When you add nodes, you can specify up to four of them as hot-spare nodes. A hot-spare node can become online (handling I/O operations) automatically if needed.

For example, if a node fails, an available hot-spare node that matches the failed node is activated automatically and moves to the Online Spare state. The hot-spare node handles I/O operations for the failed node until it comes back online. After the node returns to the system, the hot-spare node returns to the Spare state, which indicates it can be automatically swapped for other failed nodes on the system.

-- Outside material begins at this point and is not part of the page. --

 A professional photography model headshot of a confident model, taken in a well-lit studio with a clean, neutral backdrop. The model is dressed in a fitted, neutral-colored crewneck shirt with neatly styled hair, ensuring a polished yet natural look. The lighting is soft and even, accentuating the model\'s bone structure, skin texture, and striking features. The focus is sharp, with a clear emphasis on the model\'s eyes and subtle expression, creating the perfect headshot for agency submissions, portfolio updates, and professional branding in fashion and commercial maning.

The loss of a node, either for unplanned reasons, such as hardware failure, or planned outages, such as upgrades, can result in loss of redundancy or degraded system performance. To reduce this possibility, a hot-spare node is kept powered on and visible on the system. A hot-spare node has active system ports, but no host I/O ports, and is not part of any I/O group. If a node fails or is upgraded, this spare node joins the system and assumes the place of the failed node, restoring redundancy. Only host connection on Fibre Channel ports that support node port virtualization (NPIV) can be used for hot-spare nodes. The hot-spare node uses the same N_Port ID Virtualization (NPIV) worldwide port names (WWPNs) for its Fibre Channel ports as the failed node, so host operations are not disrupted. The hot-spare node retains its node identifier when it was the spare. During an upgrade, the spare node is added to the system when a node is removed. The hot-spare node replaces each node that shuts down for upgrade in a system.
Note: IBM® SAN Volume Controller systems support multiple I/O groups on long-term support releases only.

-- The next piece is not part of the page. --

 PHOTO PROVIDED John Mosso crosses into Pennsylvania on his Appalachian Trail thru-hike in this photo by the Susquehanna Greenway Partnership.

You can assign node pairs to specific I/O groups and then assign the extra nodes as hot-spare nodes. When a hot-spare node is added to the system, it is in Spare state, which indicates that it is not part of an I/O group. If a node in an I/O group fails, a hot-spare node automatically replaces that node and becomes a part of the I/O group. While the hot-spare node is in the I/O group, it is in the Online Spare state and returns to the Spare state when the original node rejoins the I/O group. A system can contain up to four spares at any time, which includes any hot-spare nodes that are online as spare nodes. Ensure that all cabling is correct to ensure that the system detects the nodes. If a node is not detected, review the installation information that was included with the system.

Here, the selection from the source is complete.